Tiga Pejabat Bank Tersangka Pemberian Kredit Fiktif kepada Perusahaan Sawit Tidak Ditahan
Ketut Sumeda meneruskan, terdapat jaminan dari pihak keluarga dan kuasa hukum. Meski demikian, Kejati Sumsel menegaskan bahwa proses hukum terhadap keduanya tetap berjalan. “Walaupun tidak ditahan, proses penyidikan tetap berlanjut sesuai ketentuan hukum yang berlaku,” jelas Ketut.
Kajati Sumsel juga mengungkapkan adanya perkembangan perkara lain. Setelah melalui proses penyelidikan selama dua bulan oleh tim intelijen dan penyidik, status perkara tersebut kini resmi ditingkatkan ke tahap penyidikan.
Kajati menegaskan komitmennya untuk mengusut tuntas perkara dugaan tindak pidana korupsi, khususnya yang berkaitan dengan sektor perbankan dan kerugian keuangan negara. “Ini menjadi perhatian serius kami. Kami tindak lanjuti secara profesional dan transparan, dalam penanganan kasus dugaan korupsi yang melibatkan bank pelat merah,” tukas Kajati Sumsel.
Diwartakan sebelumnya, Kasipenkum Kejati Sumsel, Vanny Yulia Ekasari SH MH mengatakan, tim Penyidik telah mengumpulkan alat bukti yang cukup. Sebagaimana diatur dalam Pasal 235 ayat (1) KUHAP (UU No. 20 Tahun 2025). Karena itu, pihaknya menetapkan delapan orang sebagai tersangka.
“Sebelumnya kedelapan orang tersebut telah pernah diperiksa sebagai saksi dan berdasarkan hasil pemeriksaan disimpulkan telah cukup bukti bahwa yang bersangkutan terlibat dalam Dugaan Perkara dimaksud.

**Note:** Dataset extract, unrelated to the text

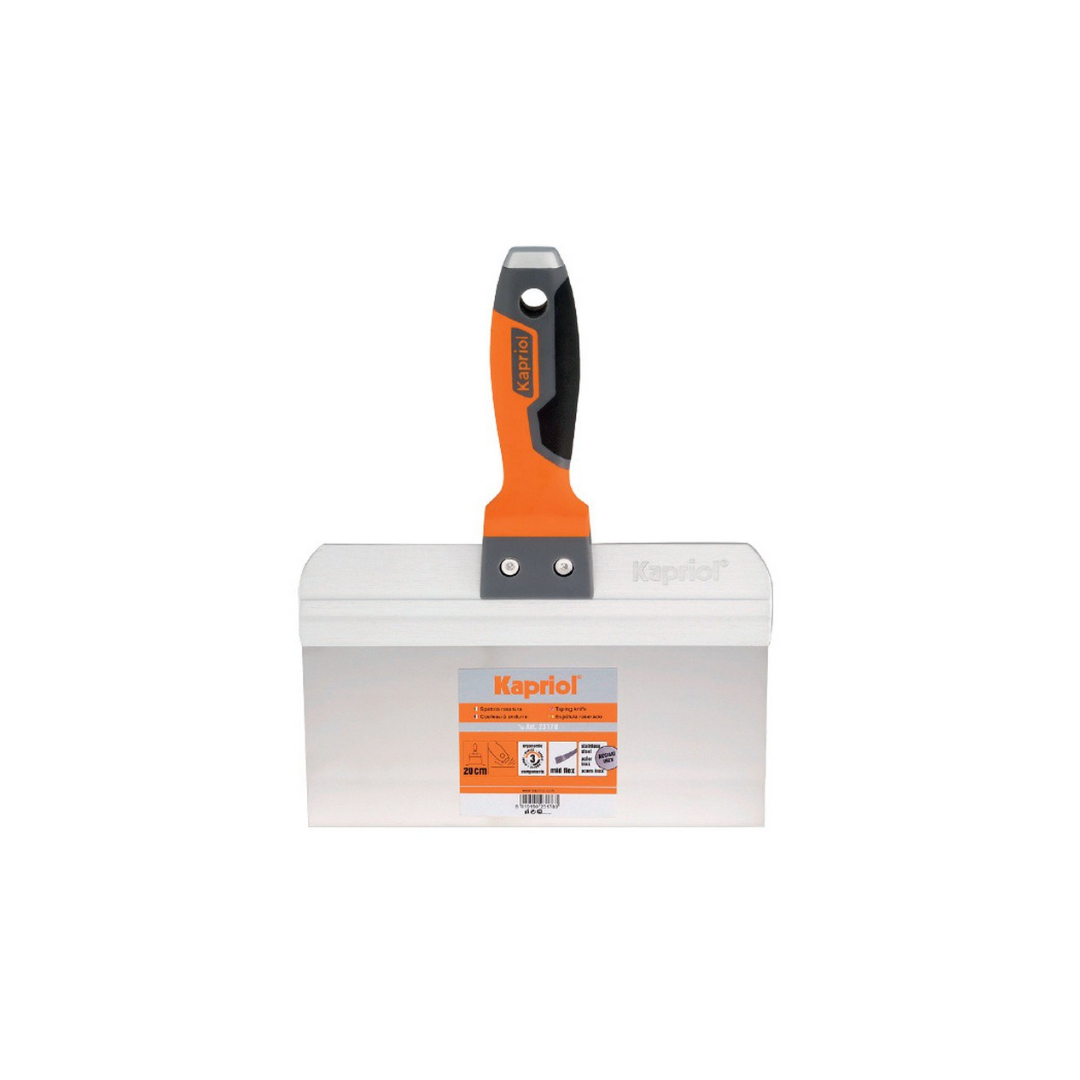 Kapriol špahtla fasadna 200mm izrađena je od visokokvalitetnog inox čelika. Dizajnirana je za profesionalce koji trebaju precizan, izdržljiv i dugotrajan alat za fasaderske, gletarske i završne radove. Inox materijal osigurava otpornost na koroziju i jednostavno čišćenje.

Tim penyidik pada hari ini meningkatkan status dari semula saksi menjadi tersangka,” ujar Kasipenkum belum lama ini.
Kasipenkum menambahkan, para Saksi yang sudah diperiksa sampai saat ini berjumlah 115 orang. Modus Operandi, lanjut Vanny, tahun 2011 PT. BSS melalui Direktur (Tersangka WS) mengajukan permohonan kredit investasi kebun inti dan plasma atas nama PT BSS berdasarkan Surat Permohonan Nomor: 311/BSS/FRPI/VII/2011 sebesar Rp760.856.000.000, Selanjutnya PT SAL pada tahun 2013 dengan manajemen Tersangka WS mengajukan permohonan kembali kepada Kantor Pusat Bank Pemerintah Jakarta Pusat dengan Surat Nomor: 01/PT.SAL/DIRYT/V/2013 tanggal 28 Mei 2013 perihal Permohonan Kredit Investasi Pembangunan Kebun Kelapa Sawit Inti dan Plasma sebesar Rp 677.000.000.000,-.